──────── GIVEN DATA
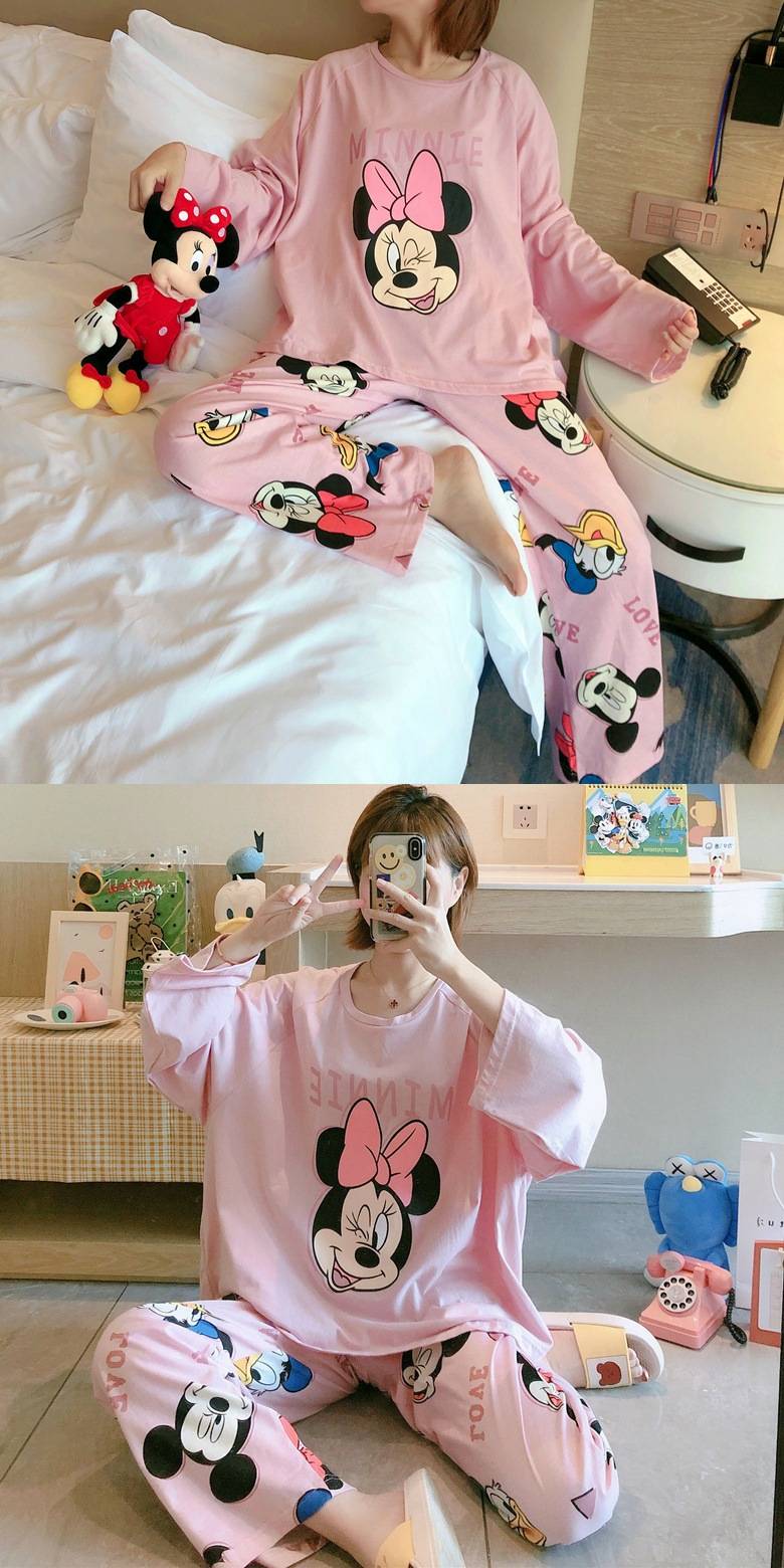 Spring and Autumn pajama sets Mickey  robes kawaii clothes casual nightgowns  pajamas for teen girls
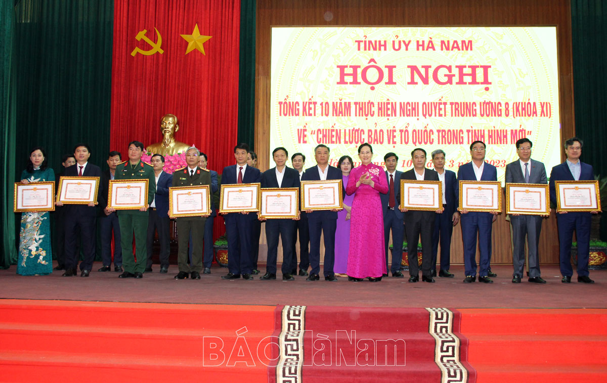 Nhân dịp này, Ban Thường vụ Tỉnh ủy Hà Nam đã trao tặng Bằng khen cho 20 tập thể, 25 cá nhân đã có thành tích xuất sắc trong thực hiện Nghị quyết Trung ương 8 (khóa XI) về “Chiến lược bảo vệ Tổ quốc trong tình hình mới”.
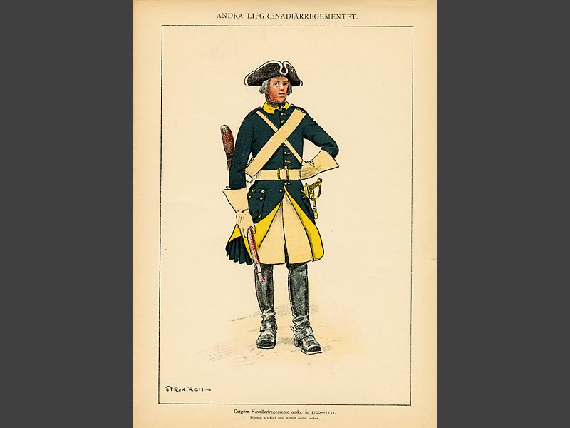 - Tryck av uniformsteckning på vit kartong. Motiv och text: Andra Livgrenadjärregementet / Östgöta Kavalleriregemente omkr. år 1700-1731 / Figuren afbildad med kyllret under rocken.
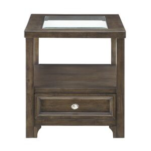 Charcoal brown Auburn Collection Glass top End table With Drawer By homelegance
────────────────
• **BRIEF**: Transcribe exactly the span of lines from the line holding "Nhân dịp này, Ban" through the last line above, both included. Pictures stay out.

• **RESPONSE**:
 Nhân dịp này, Ban Thường vụ Tỉnh ủy Hà Nam đã trao tặng Bằng khen cho 20 tập thể, 25 cá nhân đã có thành tích xuất sắc trong thực hiện Nghị quyết Trung ương 8 (khóa XI) về “Chiến lược bảo vệ Tổ quốc trong tình hình mới”.
 - Tryck av uniformsteckning på vit kartong. Motiv och text: Andra Livgrenadjärregementet / Östgöta Kavalleriregemente omkr. år 1700-1731 / Figuren afbildad med kyllret under rocken.
 Charcoal brown Auburn Collection Glass top End table With Drawer By homelegance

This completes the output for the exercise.